On this day the groom arrives, traditionally seated on a white mare. The reason for using a female horse rather than a stallion is a purely practical one – the mare is chosen as she is more docile than a stallion, for the family doesn’t want to risk the groom being thrown by his horse on his wedding day wearing all his finery!
In certain areas of India an elephant would be beautifully decorated with colorful painted designs and wear an elaborate harness so the groom could make a dramatic entrance on the elephant.
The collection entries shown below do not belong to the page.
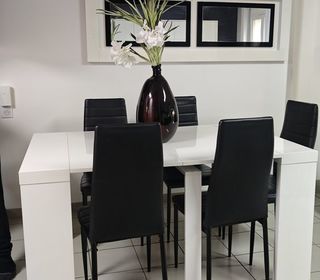 A VENDRE TABLE CONSOLE BLANC BRILLANT FERMEE DE 42 CM X 95 CM LIVREE AVEC 3 ALLONGES DE 52 CM X 95 CM BON ETAT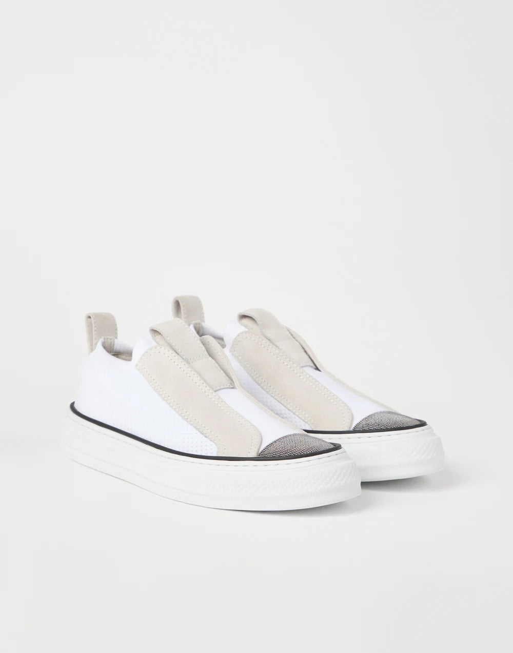 Knit and suede slip-on sneakers with precious toe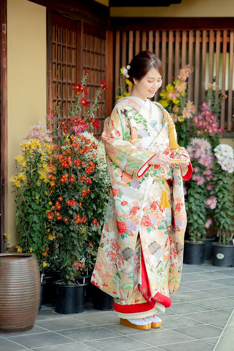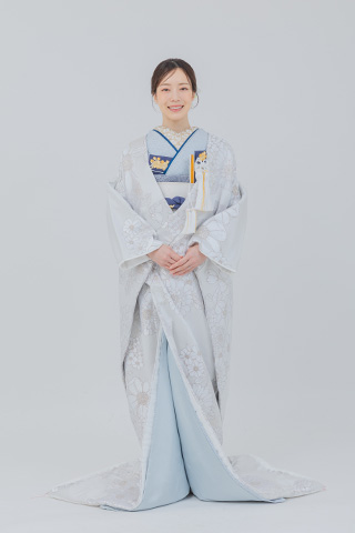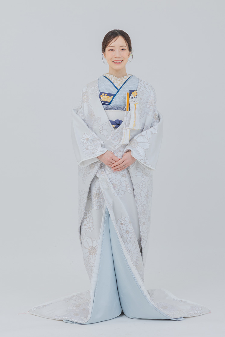 白地に銀の刺繍がきらめく正統派の白無垢。

This tradition is carried out in various parts of the world where suitable elephants can be hired for the occasion.
Of course, more and more often cars are used for the pre-wedding procession.
Were are weddings where the Indian bride and groom uses an airplane or helicopter to leave the wedding venue right after the ceremony.
The bangeet or baraat is the part of the celebration where the groom and his male friends and relatives will have celebrated for around 5-6 hours prior to the main ceremony.
He is then led, seated on the white mare or the elephant, to the main event where the guests will dance in welcome to the beat of an Indian drum called a dhol. This is a very important part of an Indian wedding. I have written a article about it: Indian Wedding Baraat Photos
He will join his bride beneath an elaborate canopy called a mandap, which can be compared to the Jewish chuppa, where the priest will perform the ceremony and the couple will exchange garlands signifying their acceptance of one another as man and wife.
What does an Indian wedding ceremony cost?
We all know that the costs of a western wedding can run over budget, but for an Indian wedding where the number of guests runs to between 1000 to 3000 people the costs escalate.
Over the three days meals are served, and the bill for thousands of wedding invitations can be quite substantial! Decorations and floral arrangements for the hall/reception area need to be impressive and fill the space.
Unlike western weddings there is also large amount of jewelry to be bought for the bride – not just a ring and necklace but earrings, toe rings, bracelets, hair ornaments and more – and they must be gold!
It is a point of honor to provide as lavish a ceremony as possible with a gift for the groom from his new father-in-law which could even be a sports car as well as other gifts for various family members.
Often people do not want to disclose how much they spent in case it is not seen by the community as enough…even although the amount is substantial. Also families do not want people to say they have been ripped off by the various providers if they disclose the amounts they have paid.
What do I wear to an Indian wedding?
For women the clothing worn is colorful and bright, embellished with sequins, beading and gold or silver embroidery.
So if you have bright clothing that has a bit of glitz on it and is in jewel tones like emerald, sapphire, ruby, saffron, or purple, then you will fit right in. Men can wear a traditional western suit or a kurta.
What do the Indian bride and groom wear?
The bride will wear a lehenga – an elaborately bead encrusted bridal outfit in jewel tones with red being the most popular color.
All the beadwork makes the garment quite heavy and at the end of a long day the bride will be relieved to remove the outfit once she is along with her husband.
The groom may wear a sherwani which is similar to a frock coat but it too will be elaborately decorated, and he will probably wear a turban.